A Ramachandran plot (also known as a Ramachandran diagram ), originally developed in 1963 by G.N.Ramachandran, C. Ramakrishnan, and V. Sasisekharan, is a way to visualize energetically allowed regions for backbone dihedral angles psi against phi of amino acid residues in protein structure.

A Ramachandran plot can be used in two somewhat different ways. One is to show in theory which values, or conformations of the psi and phi angles are possible for an amino-acid residue in a protein (as at top right). A second is to show the empirical distribution of data points observed in a single structure (as at right, here) in usage for structure validation or else in a database of many structures (as in the lower 3 plots at left). Either case is usually shown against outlines for the theoretically favored regions.

In a polypeptide the main chain N-C alpha and C alpha-C bonds relatively are free to rotate. These rotations are represented by the torsion angles phi and psi, respectively.

G N Ramachandran used computer models of small polypeptides to systematically vary phi and psi with the objective of finding stable conformations.

For each conformation, the structure was examined for close contacts between atoms. Atoms were treated as hard spheres with dimensions corresponding to their van der Waals radii. Therefore, phi and psi angles which cause spheres to collide correspond to sterically disallowed conformations of the polypeptide backbone.

In the diagram above the white areas correspond to conformations where atoms in the polypeptide come closer than the sum of their van der Waals radi. These regions are sterically disallowed for all amino acids except glycine which is unique in that it lacks a side chain. The red regions correspond to conformations where there are no steric clashes, i.e., these are the allowed regions namely the alpha-helical and beta-sheet conformations.

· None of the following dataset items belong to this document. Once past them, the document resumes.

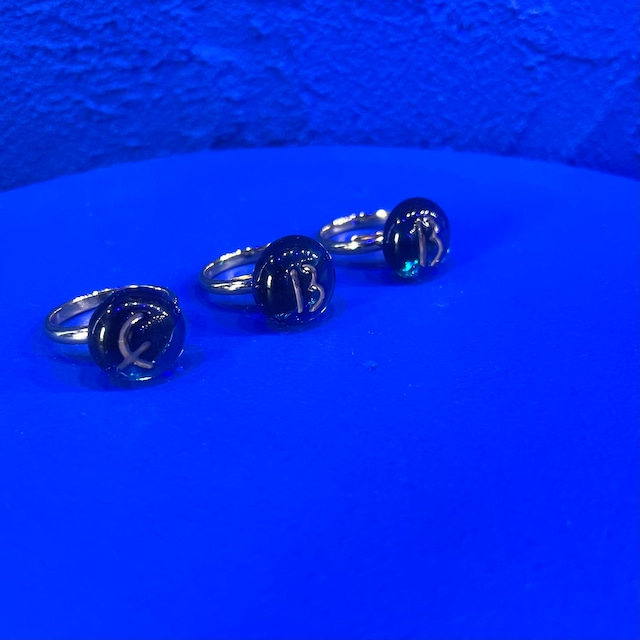 トキシル・ハさんの作る青〜緑〜紫のオーロラのようなオリジナルブルーのガラス作品にエバブルロゴのEを彫り込んだ作品です。 リングは11号〜13号となっています
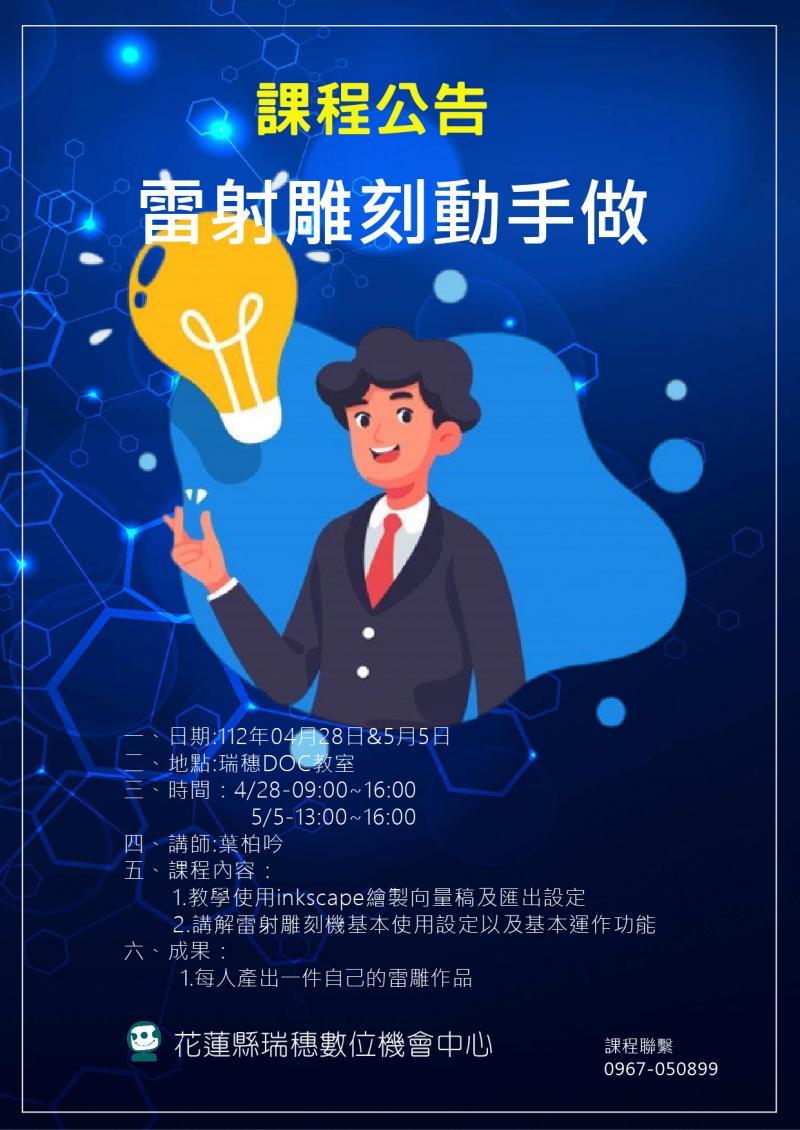 最新消息 DOC快訊 ::: <上一則 返回列表 下一則> 雷射雕刻動手做 發布日期:2023-04-20 人氣:154 1.教學使用inkscape繪製向量稿及匯出設定 2.講解雷射雕刻機基本使用設定以及基本運作功能 1.每人產出一件自己的雷雕作品 <上一則 返回列表 下一則>
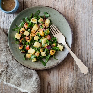 Salade de pêches grillées et fromage, vinaigrette au miel et livèche
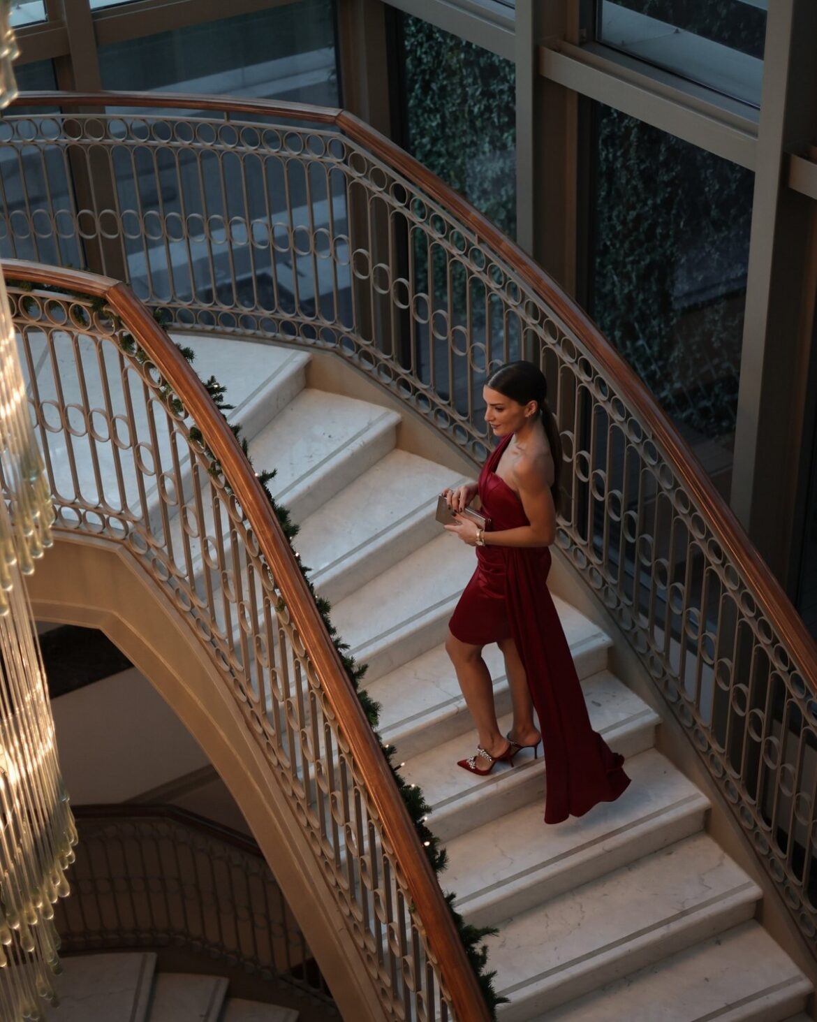 Кейпы добавляют в новогодний образ королевскую грацию. Они могут быть частью самого платья или отдельным элементом. Модели с кейпами особенно эффектны в длине миди или макси, выполненные из струящихся тканей с блеском. В сочетании с лаконичными аксессуарами кейп превращает платье в арт-объект.
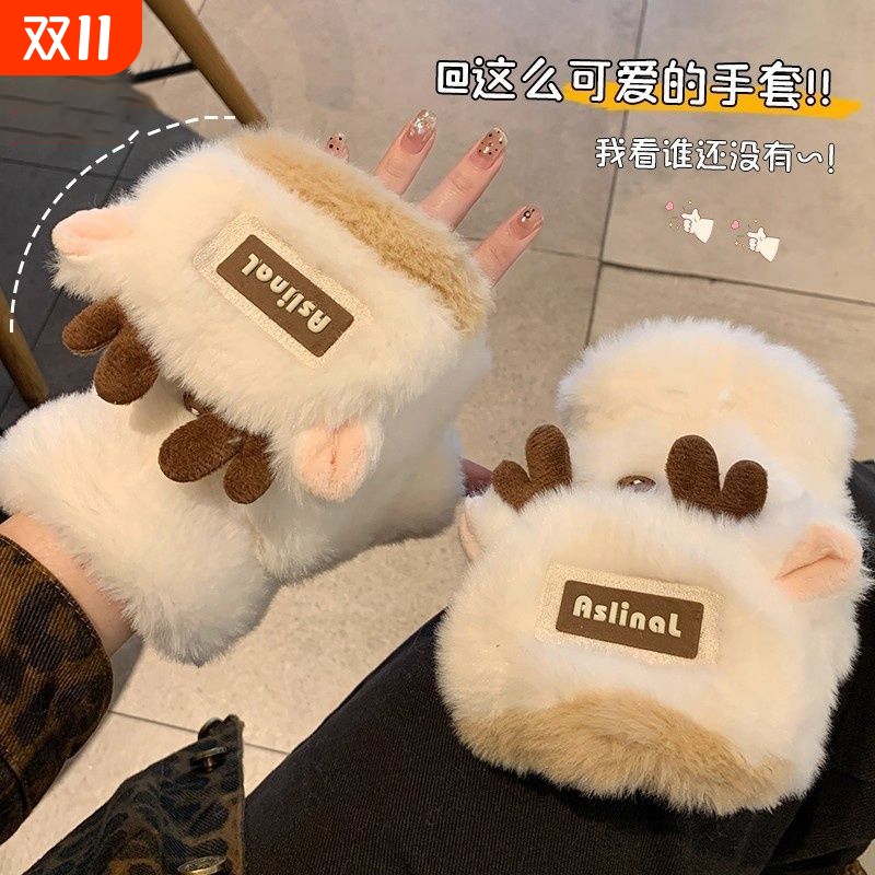圣诞鹿角毛绒手套冬季女款加厚保暖可爱学生骑车翻盖露指半指加绒
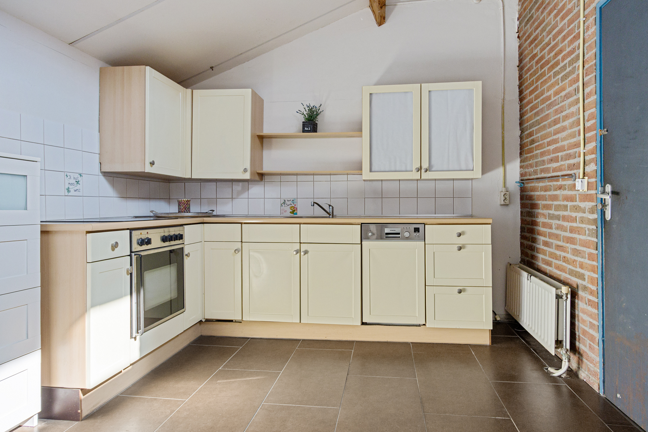 The cosy kitchen is finished in light tones and equipped with appliances from 2024.
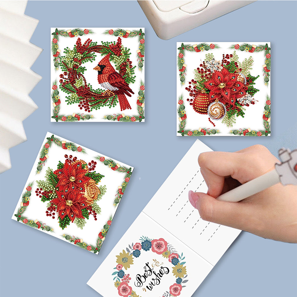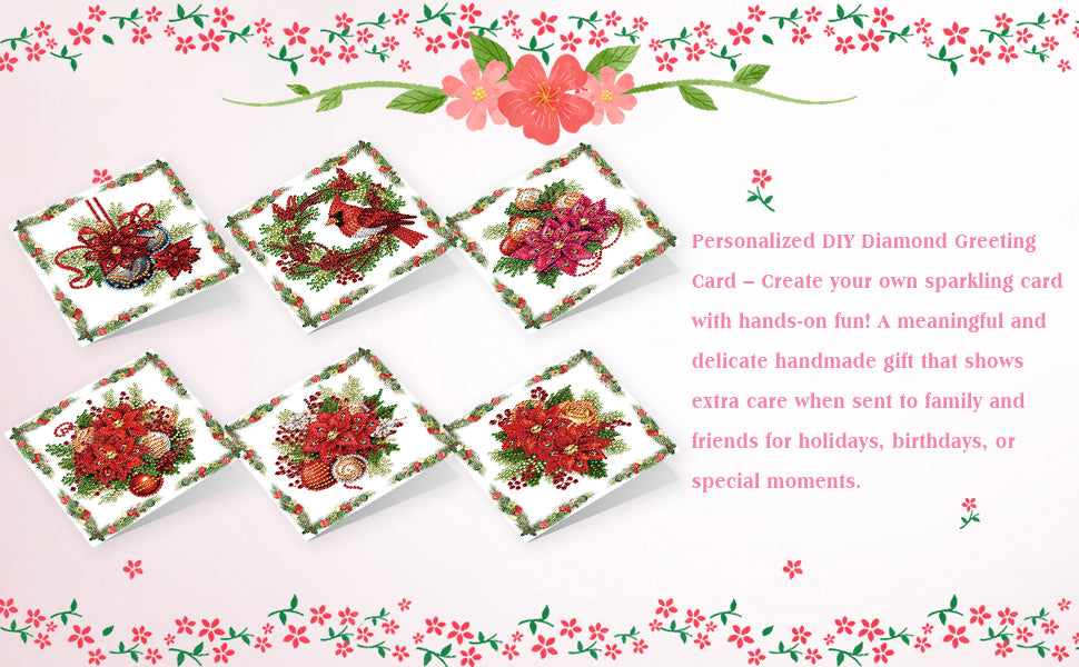 Christmas 6PCS DIY Red Flower Diamond Art Greeting Cards Congratulations Cards & Gifts
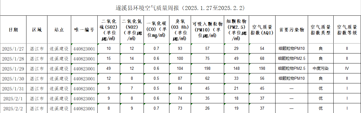 遂溪縣環(huán)境空氣質(zhì)量周報(2025.1.27至2025.2.2) | | 作者: | 來源:湛江市生態(tài)環(huán)境局遂溪分局 | 時間:2025-02-05 10:58:43 點擊數(shù):- 【打印正文】
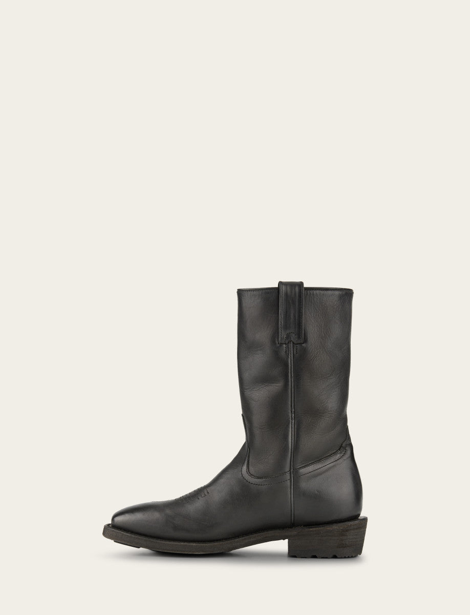 - Vintage leather construction delivers a versatile look that pairs with cuffed jeans or rugged pants.

The yellow areas show the allowed regions if slightly shorter van der Waals radi are used in the calculation, i.e., the atoms are allowed to come a little closer together. This brings out an additional region which corresponds to the left-handed alpha-helix.

L-amino acids cannot form extended regions of left-handed helix but occassionally individual residues adopt this conformation. These residues are usually glycine but can also be asparagine or aspartate where the side chain forms a hydrogen bond with the main chain and therefore stabilises this otherwise unfavourable conformation. The 3(10) helix occurs close to the upper right of the alpha-helical region and is on the edge of allowed region indicating lower stability.

Disallowed regions generally involve steric hindrance between the side chain C-beta methylene group and main chain atoms. Glycine has no side chain and therefore can adopt phi and psi angles in all four quadrants of the Ramachandran plot. Hence it frequently occurs in turn regions of proteins where any other residue would be sterically hindered.